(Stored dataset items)
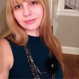 Okay preowned condition. Slight pilling all over. (See last picture). No stains or rips. A pretty dark teal color. Brand is Everly, bought from ModCloth. Size medium, about 15 inches armpit to armpit. About 24 inches from armpit to bottom.
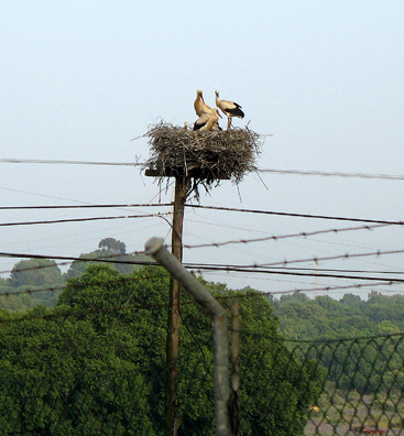 Families of storks raise their young atop electrical towers lining the railroad tracks near San Roque.
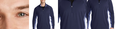 This lightweight pullover locks in color, wicks moisture and has an amped up colorblock look.
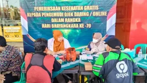 Hut Bhayangkara ke-79, Polres Pekalongan Kota Gelar Bakti Kesehatan Untuk Driver Ojol.
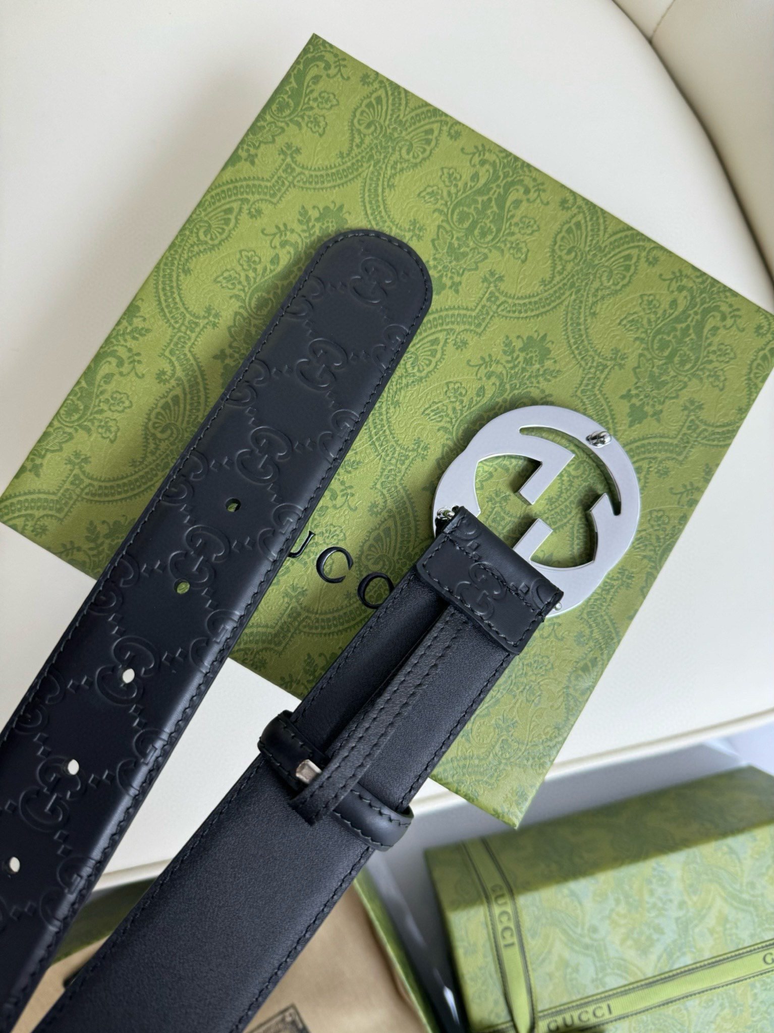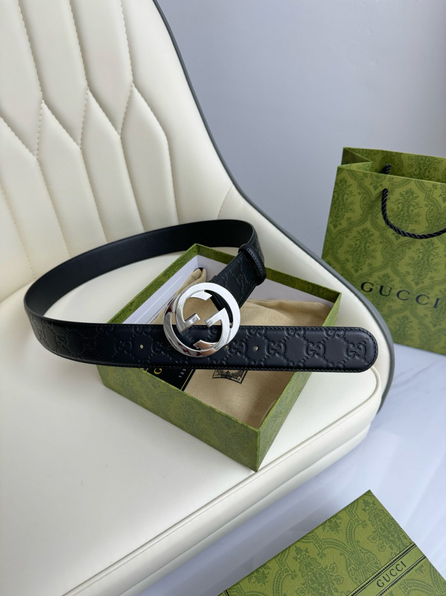This Gucci luxury silver G buckle black belt perfectly combines classic and modern. The belt buckle head is centered on the silver G logo, showing the nobility and uniqueness of the Gucci brand. The black leather is carefully selected and processed, with excellent wear resistance and softness, allowing the wearer to experience the ultimate comfort. Every detail is processed with exquisite craftsmanship to ensure the perfect presentation of the product.
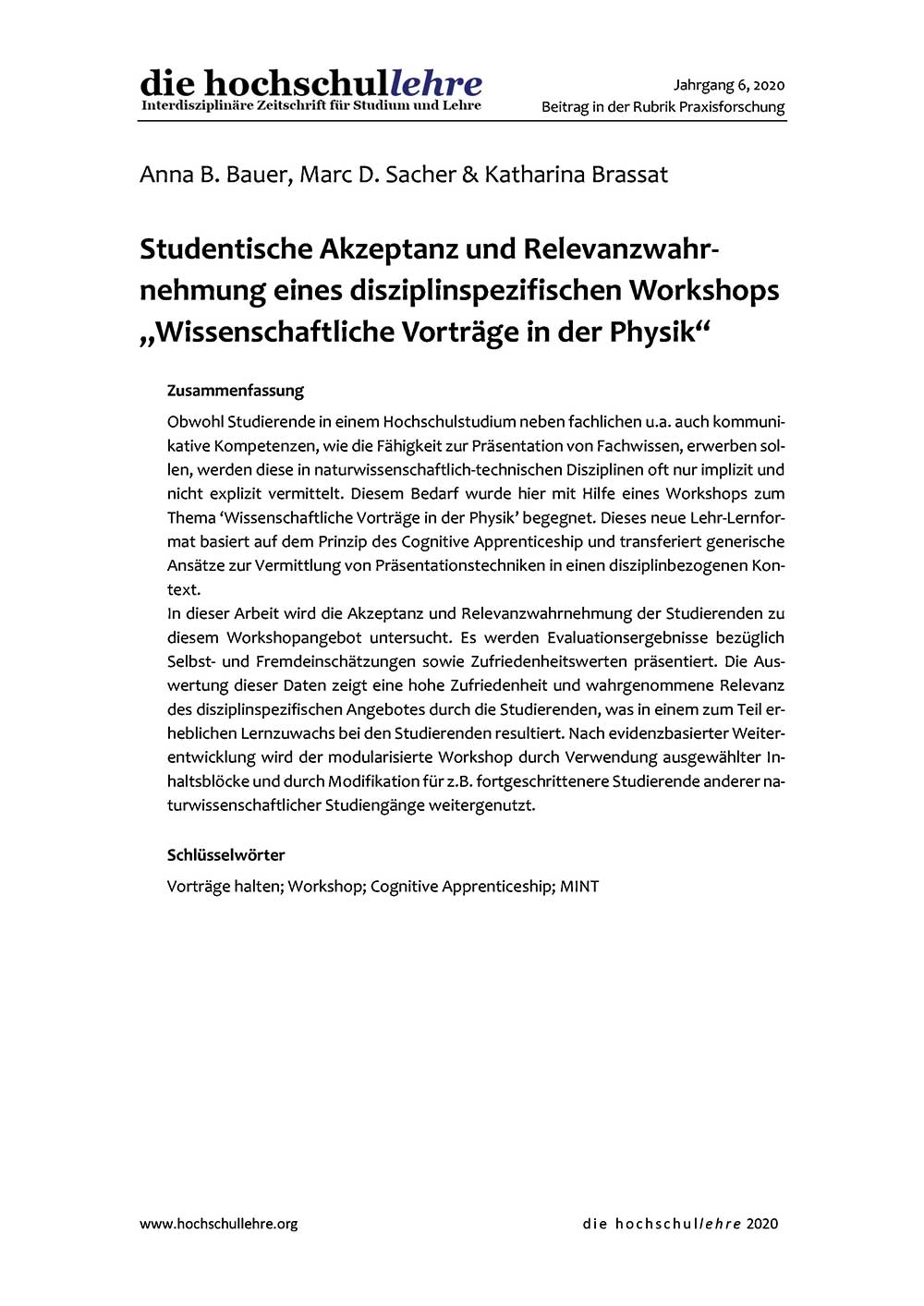 Bauer, A. B., Sacher, M. D. & Brassat, K. (2020). Studentische Akzeptanz und Relevanzwahrnehmung eines disziplinspezifischen Workshops „Wissenschaftliche Vorträge in der Physik". die hochschullehre, Jahrgang 6/2020.
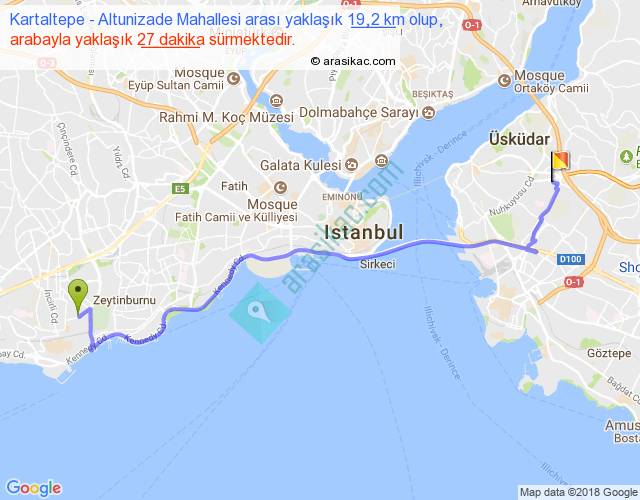 Kartaltepe - Altunizade Mahallesi arası yaklaşık olarak 90 km/h ile yukarıda belirtilen sürede olup, iki yerin kuş uçuşu uzaklığı (mesafesi) 14'dir. Yolculuk otobüsle 35 dakika sürmektedir.
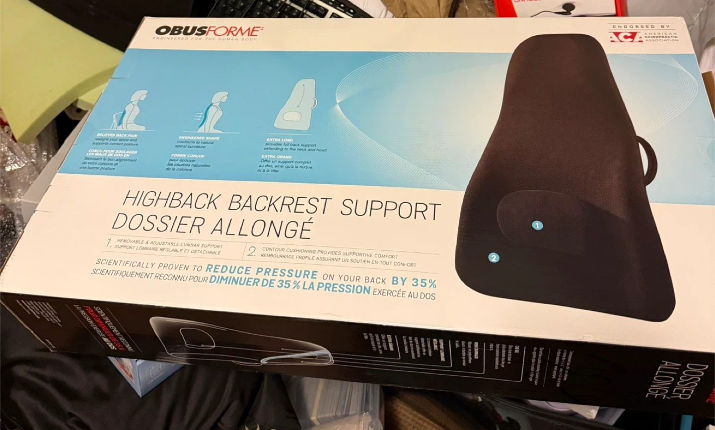 Selling an ObusForme Highback Backrest Support. It is designed to reduce pressure on your back by 35%. It features removable and adjustable lumbar support and contour cushioning that provides supportive comfort. This backrest support is engineered for the human body and endorsed by the American Chiropractic Association
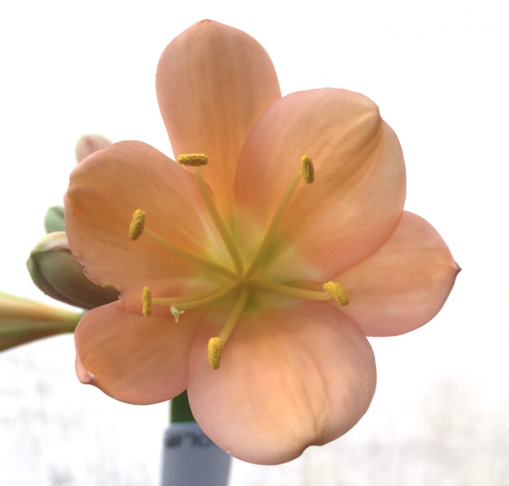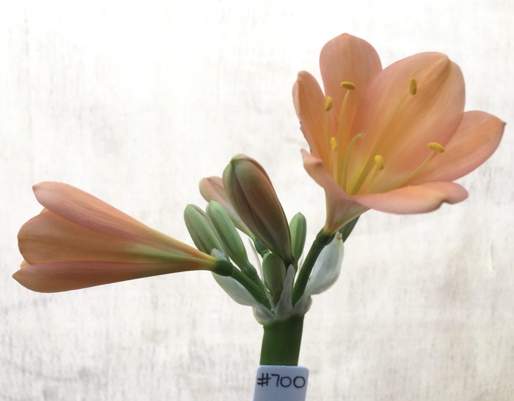 SH700 Mid peach Clivia miniata with light green throat and broad tepals
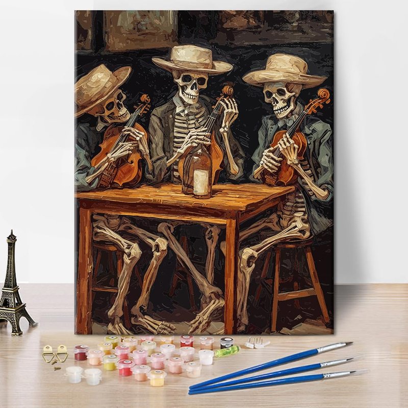 TUMOVO Paint by Numbers for Adults Skeletons Playing Violin Paint Number Kits Cowboy Paint by Number DIY Oil Painting for Adults Kids Paint by Number Kits Home Wall Decoration, 16 x20 Inch
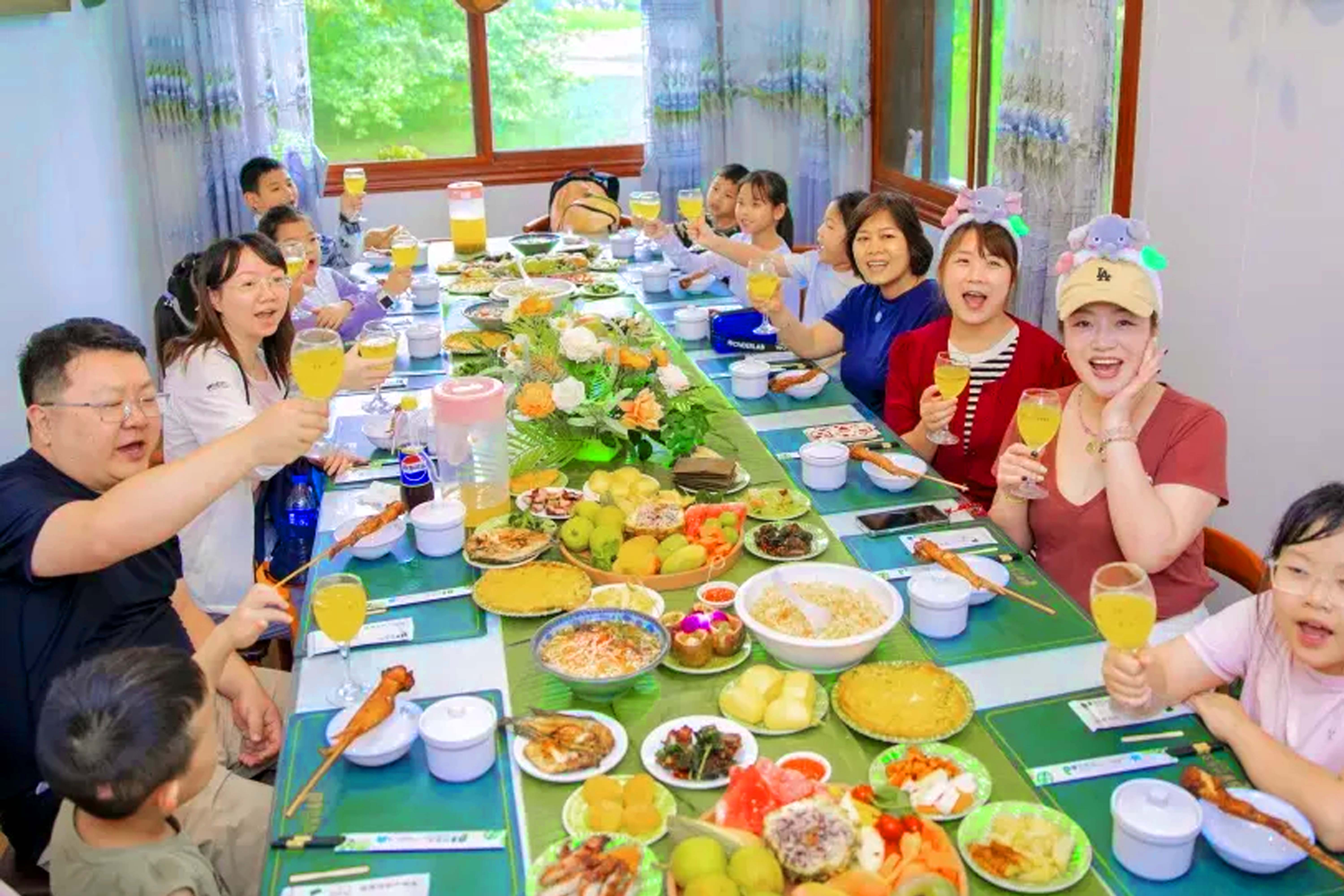 精选大象喜爱的时令果蔬与傣味搭配,于湖心岛包间专享生态象餐
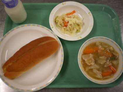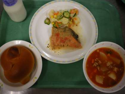 黒砂糖パン・魚のラビゴットソース・ポテト入りフレンチサラダ・ミネストローネ
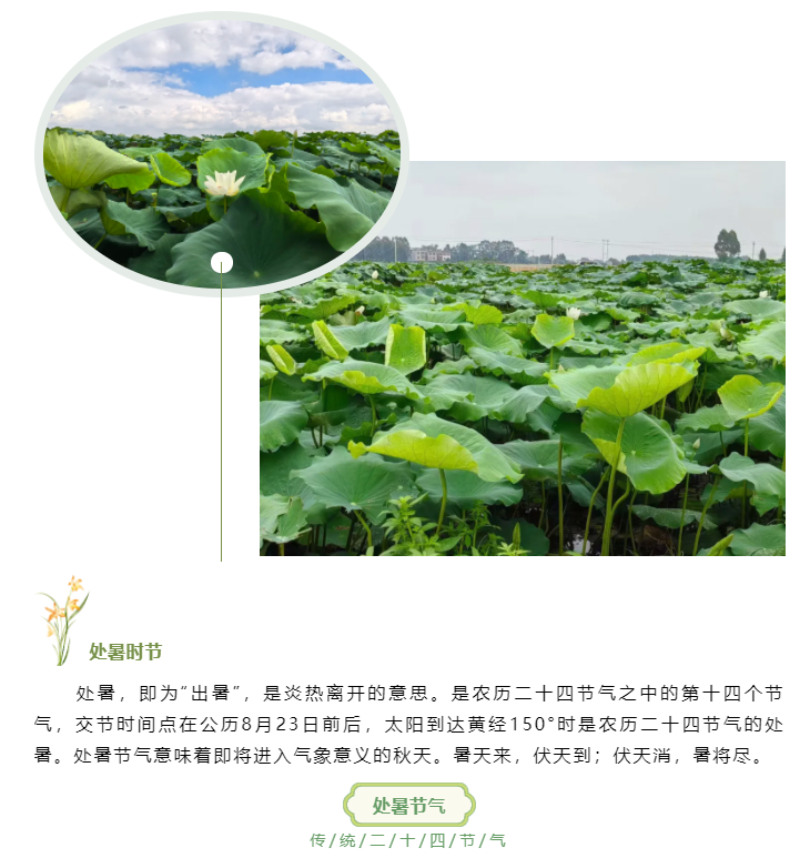 處暑,即為“出暑”,是炎熱離開(kāi)的意思。是農(nóng)歷二十四節(jié)氣之中的第十四個(gè)節(jié)氣,交節(jié)時(shí)間點(diǎn)在公歷8月23日前后...
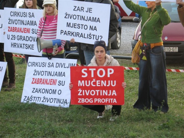 Udruga Prijatelji životinja prosvjedovala je jučer nasuprot Bundeku ispred cirkusa, a prosvjedovat će i danas
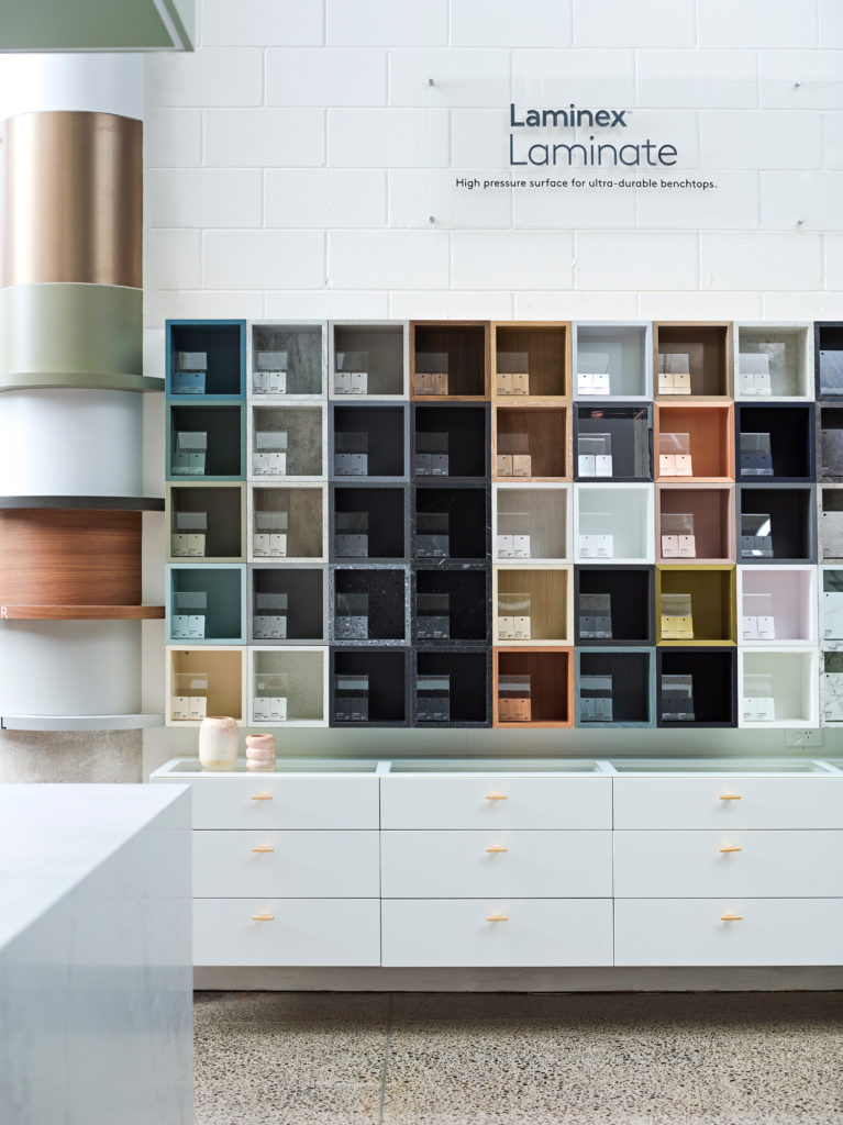 Designed by Material Creative, Laminex’s flagship showroom in Parnell is a place where beauty and good design collide seamlessly into a collection of over 140 decors across eight brands.
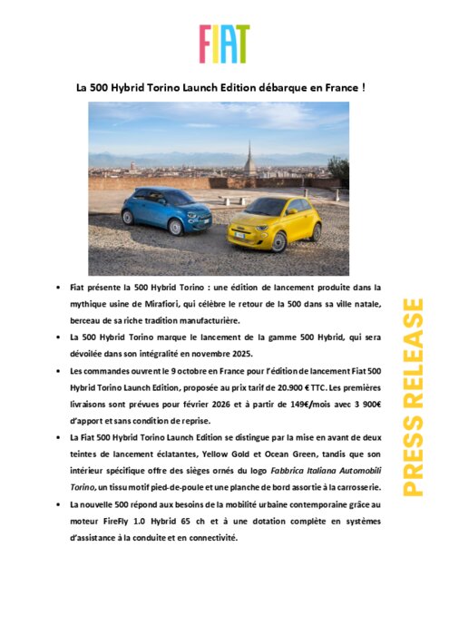 Fiat présente la 500 Hybrid Torino : une édition de lancement produite dans la mythique usine de Mirafiori, qui célèbre le retour de la 500 dans sa ville natale, berceau de sa riche tradition manufacturière. La 500 Hybrid Torino marque le lancement de la gamme 500 Hybrid, qui sera dévoilée dans son intégralité en novembre 2025.

» How to complete this task
Take the entries above and restate them word for word, minus their images.

» Solution to this exercise
 Okay preowned condition. Slight pilling all over. (See last picture). No stains or rips. A pretty dark teal color. Brand is Everly, bought from ModCloth. Size medium, about 15 inches armpit to armpit. About 24 inches from armpit to bottom.
 Families of storks raise their young atop electrical towers lining the railroad tracks near San Roque.
 This lightweight pullover locks in color, wicks moisture and has an amped up colorblock look.
 Hut Bhayangkara ke-79, Polres Pekalongan Kota Gelar Bakti Kesehatan Untuk Driver Ojol.
This Gucci luxury silver G buckle black belt perfectly combines classic and modern. The belt buckle head is centered on the silver G logo, showing the nobility and uniqueness of the Gucci brand. The black leather is carefully selected and processed, with excellent wear resistance and softness, allowing the wearer to experience the ultimate comfort. Every detail is processed with exquisite craftsmanship to ensure the perfect presentation of the product.
 Bauer, A. B., Sacher, M. D. & Brassat, K. (2020). Studentische Akzeptanz und Relevanzwahrnehmung eines disziplinspezifischen Workshops „Wissenschaftliche Vorträge in der Physik". die hochschullehre, Jahrgang 6/2020.
 Kartaltepe - Altunizade Mahallesi arası yaklaşık olarak 90 km/h ile yukarıda belirtilen sürede olup, iki yerin kuş uçuşu uzaklığı (mesafesi) 14'dir. Yolculuk otobüsle 35 dakika sürmektedir.
 Selling an ObusForme Highback Backrest Support. It is designed to reduce pressure on your back by 35%. It features removable and adjustable lumbar support and contour cushioning that provides supportive comfort. This backrest support is engineered for the human body and endorsed by the American Chiropractic Association
 SH700 Mid peach Clivia miniata with light green throat and broad tepals
 TUMOVO Paint by Numbers for Adults Skeletons Playing Violin Paint Number Kits Cowboy Paint by Number DIY Oil Painting for Adults Kids Paint by Number Kits Home Wall Decoration, 16 x20 Inch
 精选大象喜爱的时令果蔬与傣味搭配,于湖心岛包间专享生态象餐
 黒砂糖パン・魚のラビゴットソース・ポテト入りフレンチサラダ・ミネストローネ
 處暑,即為“出暑”,是炎熱離開(kāi)的意思。是農(nóng)歷二十四節(jié)氣之中的第十四個(gè)節(jié)氣,交節(jié)時(shí)間點(diǎn)在公歷8月23日前后...
 Udruga Prijatelji životinja prosvjedovala je jučer nasuprot Bundeku ispred cirkusa, a prosvjedovat će i danas
 Designed by Material Creative, Laminex’s flagship showroom in Parnell is a place where beauty and good design collide seamlessly into a collection of over 140 decors across eight brands.
 Fiat présente la 500 Hybrid Torino : une édition de lancement produite dans la mythique usine de Mirafiori, qui célèbre le retour de la 500 dans sa ville natale, berceau de sa riche tradition manufacturière. La 500 Hybrid Torino marque le lancement de la gamme 500 Hybrid, qui sera dévoilée dans son intégralité en novembre 2025.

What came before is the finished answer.